In that moment, I marveled at the mercy of the Lord. Guys…I wish I could impress upon your heart just how much He TRULY loves you. Ladies, you are the most beautiful thing He has set His eyes on, Gentlemen, you make His eyes sparkle with how proud of you He is, seeing you grow to be more like Him. Even if you doubt yourself. Even if you have come to the end of you and there’s nothing you can do, you’ve run out of resources, you’ve run out of ideas and actions and everything feels like it’s a mess and falling apart is the moment when God says YES! Finally! Let me handle this for you, I see that you cannot do it on your own and I want to bless your life on MY STRENGTH and steer you in the direction of MY WILL. Will you surrender your striving to make things better? To smooth things over? Will you let go of your perfectionism? Your ideals? Come to ME YOU WHO ARE WEARY…and I will give you rest.
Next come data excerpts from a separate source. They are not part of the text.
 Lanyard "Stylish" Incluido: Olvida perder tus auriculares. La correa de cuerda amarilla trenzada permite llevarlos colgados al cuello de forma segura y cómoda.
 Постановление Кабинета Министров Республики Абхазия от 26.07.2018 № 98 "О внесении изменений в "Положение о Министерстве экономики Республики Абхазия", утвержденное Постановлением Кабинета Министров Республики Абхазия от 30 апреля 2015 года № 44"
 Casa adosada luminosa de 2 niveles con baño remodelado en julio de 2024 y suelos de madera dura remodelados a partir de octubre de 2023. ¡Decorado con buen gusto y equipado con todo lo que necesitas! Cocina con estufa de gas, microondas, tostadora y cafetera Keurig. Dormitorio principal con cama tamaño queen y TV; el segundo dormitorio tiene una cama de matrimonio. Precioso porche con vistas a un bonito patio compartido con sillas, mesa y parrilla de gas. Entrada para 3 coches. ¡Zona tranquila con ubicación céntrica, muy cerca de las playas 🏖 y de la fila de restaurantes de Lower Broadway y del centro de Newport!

Are you weary? Let Him carry you to the place of rest, where striving ceases and comfort surrounds and abounds. He can do it for you. You just have to let Him.
I’ve realized lately that life feels overwhelming. I can’t seem to get a handle on things that I can usually handle and it’s all minor stuff…but it began to pile up on my heart and didn’t realize it…That is until yesterday when I began getting ready for work and a Simple Partial Seizure came like a sickening wave over me. Usually when I get one, typically I know at least 2 more will follow throughout the day. They leave me tired, weak and not fully remembering the days events in detail…like trying to remember what you did on any random day last week…it feels distant and disconnected. So as I stood at my bathroom sink brushing my teeth, another wave came over me. Halo in affect, hearing muffled, stomach clenched and the action of repeatedly swallowing, though nothing is there. At least my left arm doesn’t lock up like it used to. They happen once a year typically, during high stress times in my life. It wasn’t until later that evening after I read an article my friend sent me that I, like Moses and Elijah before me, had run out of myself. Moses was 40 years old before he reached this point in his life where he was at the end of his own capabilities. That’s when God stepped in. Moses was a Prince! He was fully capable! And he had come to a point where he said to God…who am I? I can’t even talk right! He presented his faults to God and God was like…dude…I don’t care, that makes you PERFECT for what I want to do. Emptied of self so you can’t muck up what I want to do.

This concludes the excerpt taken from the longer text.